What this task involves:
Skipping any pictures, give all of the records below again exactly.

Materials provided:
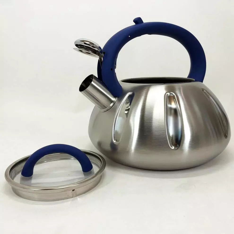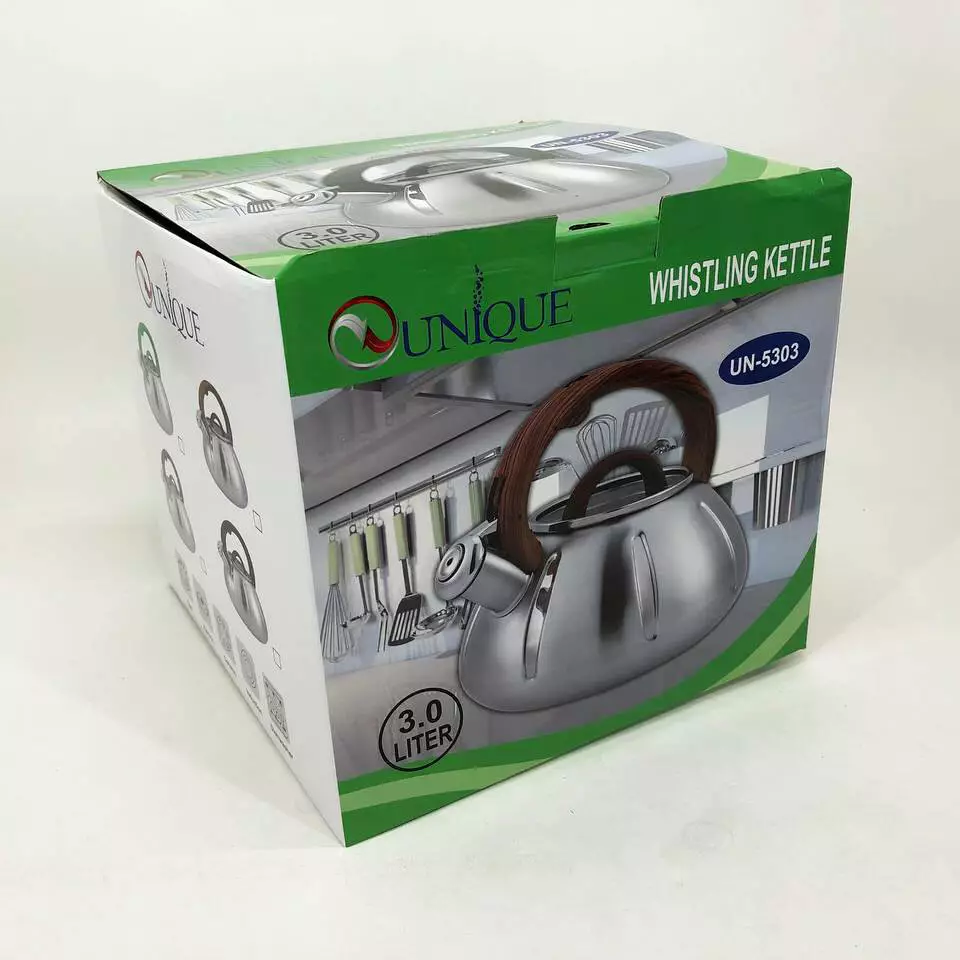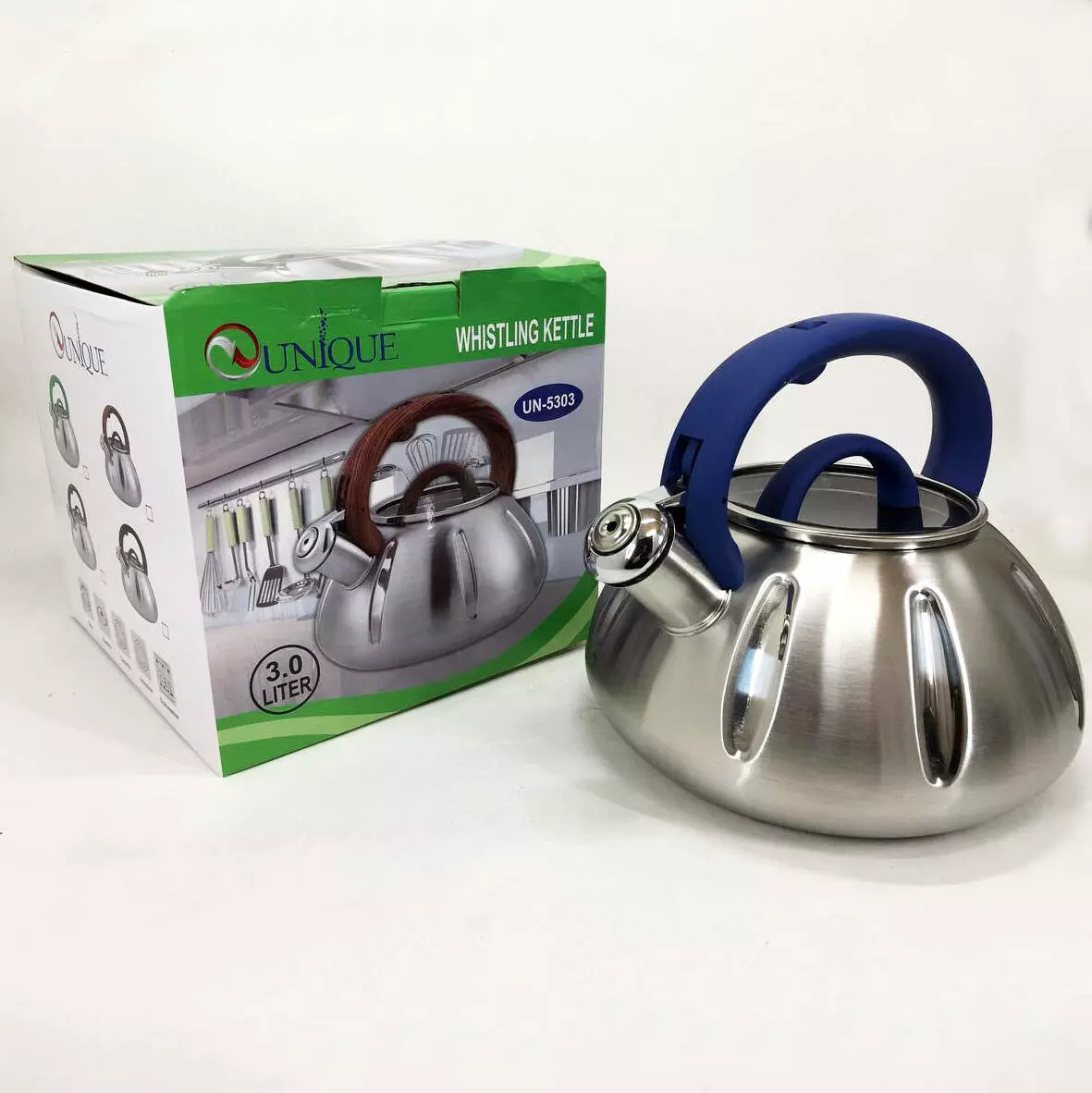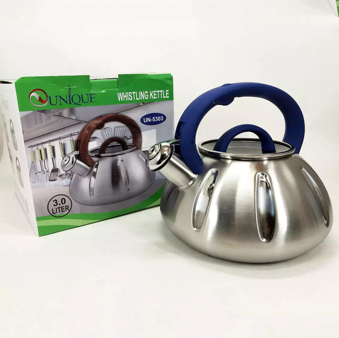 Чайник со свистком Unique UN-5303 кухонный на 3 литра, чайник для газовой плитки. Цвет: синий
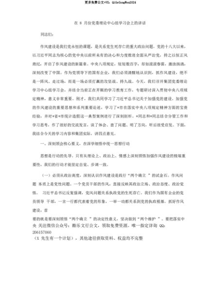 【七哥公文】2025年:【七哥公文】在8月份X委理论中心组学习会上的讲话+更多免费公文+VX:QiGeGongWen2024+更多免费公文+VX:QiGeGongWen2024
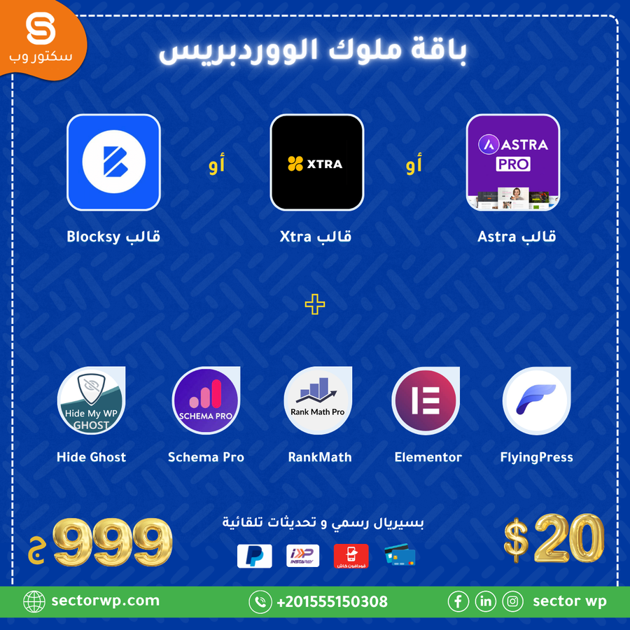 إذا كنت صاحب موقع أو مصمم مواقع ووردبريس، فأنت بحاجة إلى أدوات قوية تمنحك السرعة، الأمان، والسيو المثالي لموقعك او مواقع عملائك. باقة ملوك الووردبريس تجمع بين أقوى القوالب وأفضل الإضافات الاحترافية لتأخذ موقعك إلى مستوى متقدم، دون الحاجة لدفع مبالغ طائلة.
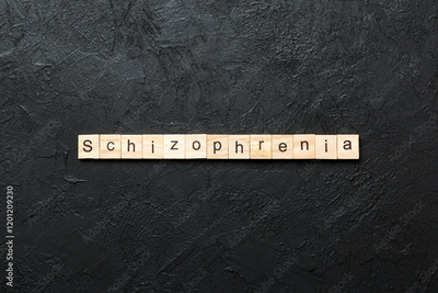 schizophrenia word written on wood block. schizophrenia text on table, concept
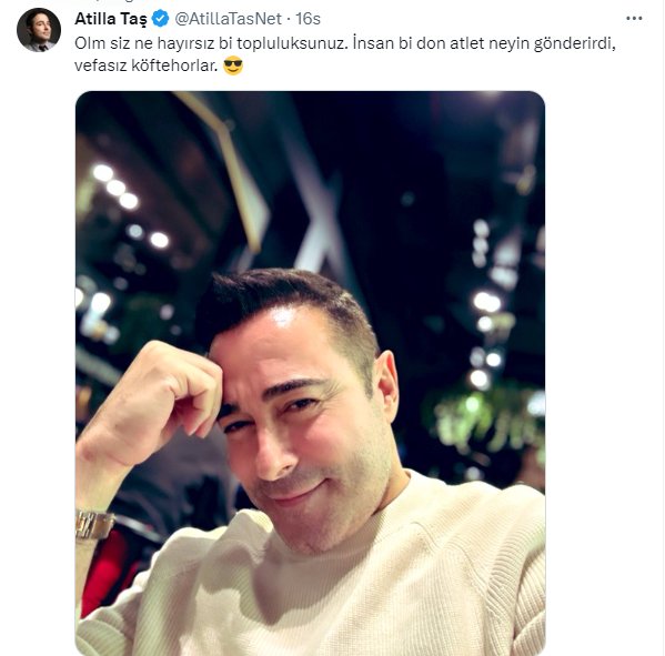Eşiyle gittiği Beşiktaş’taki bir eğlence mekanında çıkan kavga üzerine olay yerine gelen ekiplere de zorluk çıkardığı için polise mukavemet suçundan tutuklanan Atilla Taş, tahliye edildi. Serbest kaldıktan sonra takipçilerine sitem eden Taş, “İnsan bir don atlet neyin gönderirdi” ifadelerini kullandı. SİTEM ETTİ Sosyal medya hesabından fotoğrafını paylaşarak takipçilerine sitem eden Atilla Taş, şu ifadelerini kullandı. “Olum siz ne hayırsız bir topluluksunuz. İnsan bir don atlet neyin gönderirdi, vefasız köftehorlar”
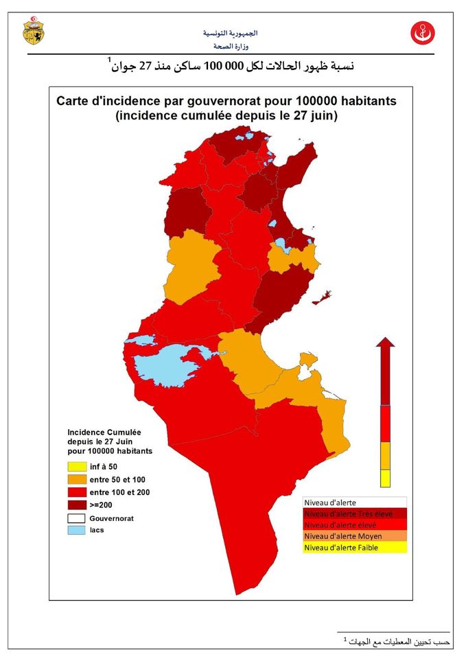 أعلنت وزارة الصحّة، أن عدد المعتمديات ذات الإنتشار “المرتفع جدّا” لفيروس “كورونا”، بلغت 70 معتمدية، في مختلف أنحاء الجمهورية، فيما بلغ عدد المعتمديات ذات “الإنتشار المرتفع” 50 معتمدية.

Answer space:
 Чайник со свистком Unique UN-5303 кухонный на 3 литра, чайник для газовой плитки. Цвет: синий
 【七哥公文】2025年:【七哥公文】在8月份X委理论中心组学习会上的讲话+更多免费公文+VX:QiGeGongWen2024+更多免费公文+VX:QiGeGongWen2024
 إذا كنت صاحب موقع أو مصمم مواقع ووردبريس، فأنت بحاجة إلى أدوات قوية تمنحك السرعة، الأمان، والسيو المثالي لموقعك او مواقع عملائك. باقة ملوك الووردبريس تجمع بين أقوى القوالب وأفضل الإضافات الاحترافية لتأخذ موقعك إلى مستوى متقدم، دون الحاجة لدفع مبالغ طائلة.
 schizophrenia word written on wood block. schizophrenia text on table, concept
Eşiyle gittiği Beşiktaş’taki bir eğlence mekanında çıkan kavga üzerine olay yerine gelen ekiplere de zorluk çıkardığı için polise mukavemet suçundan tutuklanan Atilla Taş, tahliye edildi. Serbest kaldıktan sonra takipçilerine sitem eden Taş, “İnsan bir don atlet neyin gönderirdi” ifadelerini kullandı. SİTEM ETTİ Sosyal medya hesabından fotoğrafını paylaşarak takipçilerine sitem eden Atilla Taş, şu ifadelerini kullandı. “Olum siz ne hayırsız bir topluluksunuz. İnsan bir don atlet neyin gönderirdi, vefasız köftehorlar”
 أعلنت وزارة الصحّة، أن عدد المعتمديات ذات الإنتشار “المرتفع جدّا” لفيروس “كورونا”، بلغت 70 معتمدية، في مختلف أنحاء الجمهورية، فيما بلغ عدد المعتمديات ذات “الإنتشار المرتفع” 50 معتمدية.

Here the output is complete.